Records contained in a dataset
╭──
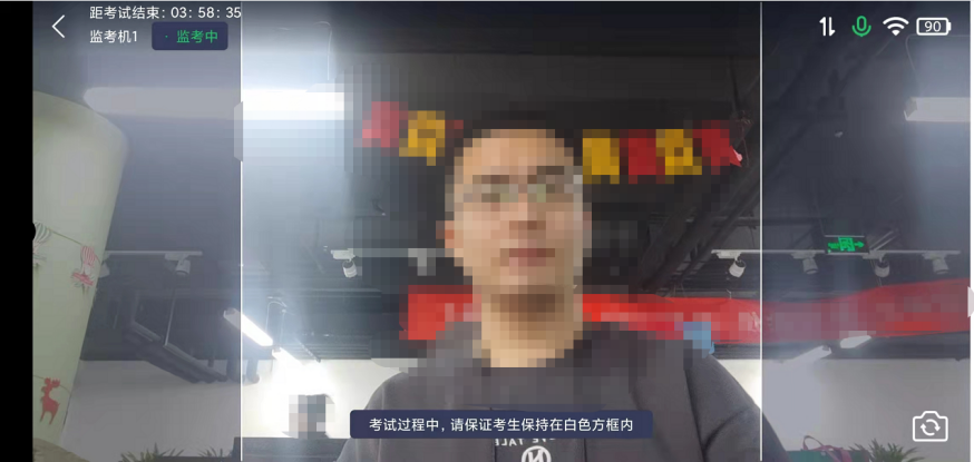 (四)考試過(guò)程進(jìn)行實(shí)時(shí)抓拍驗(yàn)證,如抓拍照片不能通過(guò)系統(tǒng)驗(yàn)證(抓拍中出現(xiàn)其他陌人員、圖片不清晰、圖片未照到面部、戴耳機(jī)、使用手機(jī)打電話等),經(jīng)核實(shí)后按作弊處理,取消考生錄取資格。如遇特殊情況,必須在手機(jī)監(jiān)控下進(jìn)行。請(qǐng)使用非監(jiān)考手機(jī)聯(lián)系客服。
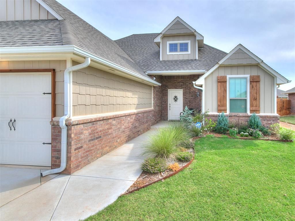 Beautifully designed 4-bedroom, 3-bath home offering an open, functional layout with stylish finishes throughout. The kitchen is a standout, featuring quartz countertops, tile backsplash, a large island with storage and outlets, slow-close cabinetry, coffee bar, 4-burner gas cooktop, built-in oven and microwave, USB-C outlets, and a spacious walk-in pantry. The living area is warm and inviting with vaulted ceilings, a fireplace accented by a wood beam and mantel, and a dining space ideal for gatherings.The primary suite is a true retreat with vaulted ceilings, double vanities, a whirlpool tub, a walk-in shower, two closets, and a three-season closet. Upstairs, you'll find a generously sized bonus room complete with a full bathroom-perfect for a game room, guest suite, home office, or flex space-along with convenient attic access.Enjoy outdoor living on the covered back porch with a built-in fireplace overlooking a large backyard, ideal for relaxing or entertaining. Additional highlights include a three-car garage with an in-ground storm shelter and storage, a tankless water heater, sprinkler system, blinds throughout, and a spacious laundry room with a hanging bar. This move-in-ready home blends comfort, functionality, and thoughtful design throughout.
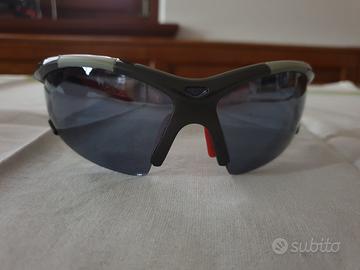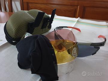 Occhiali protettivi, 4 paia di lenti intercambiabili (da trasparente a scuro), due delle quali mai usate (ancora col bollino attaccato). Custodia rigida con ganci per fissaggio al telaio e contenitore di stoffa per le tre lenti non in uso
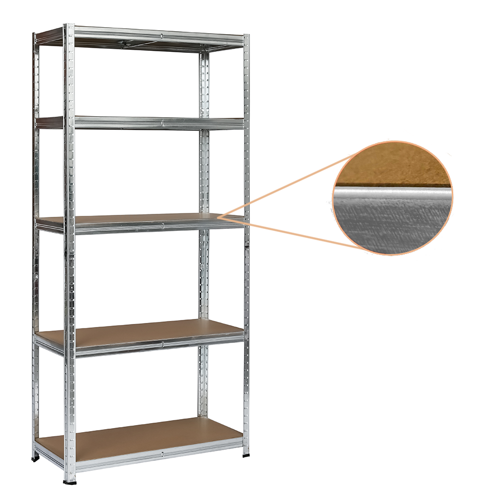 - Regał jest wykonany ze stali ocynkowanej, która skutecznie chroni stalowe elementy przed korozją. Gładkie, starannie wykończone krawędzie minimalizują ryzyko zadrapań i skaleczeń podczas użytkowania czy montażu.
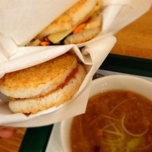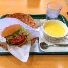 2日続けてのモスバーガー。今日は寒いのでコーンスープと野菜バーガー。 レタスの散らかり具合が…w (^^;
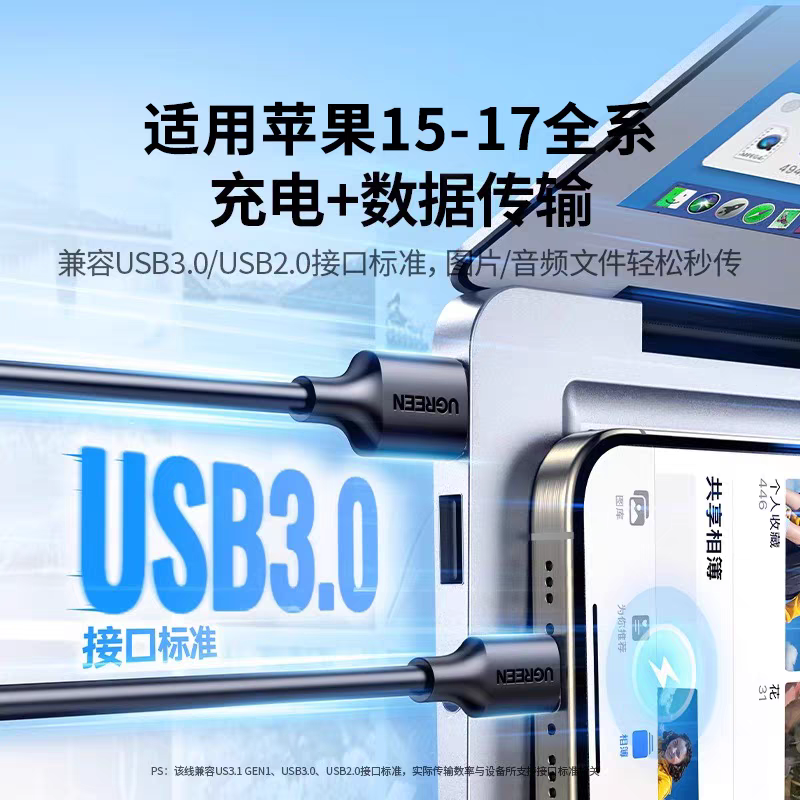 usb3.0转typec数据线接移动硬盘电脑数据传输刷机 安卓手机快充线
╰──
Try it: Retype exactly the lines from the line containing "2日続けてのモスバーガー。今日は寒いのでコーンスープと野菜バーガー。 レタスの散らかり具合が…w (^^;" through the end of the entries above, including both ends, and leave every picture out.

Completed exercise:
 2日続けてのモスバーガー。今日は寒いのでコーンスープと野菜バーガー。 レタスの散らかり具合が…w (^^;
 usb3.0转typec数据线接移动硬盘电脑数据传输刷机 安卓手机快充线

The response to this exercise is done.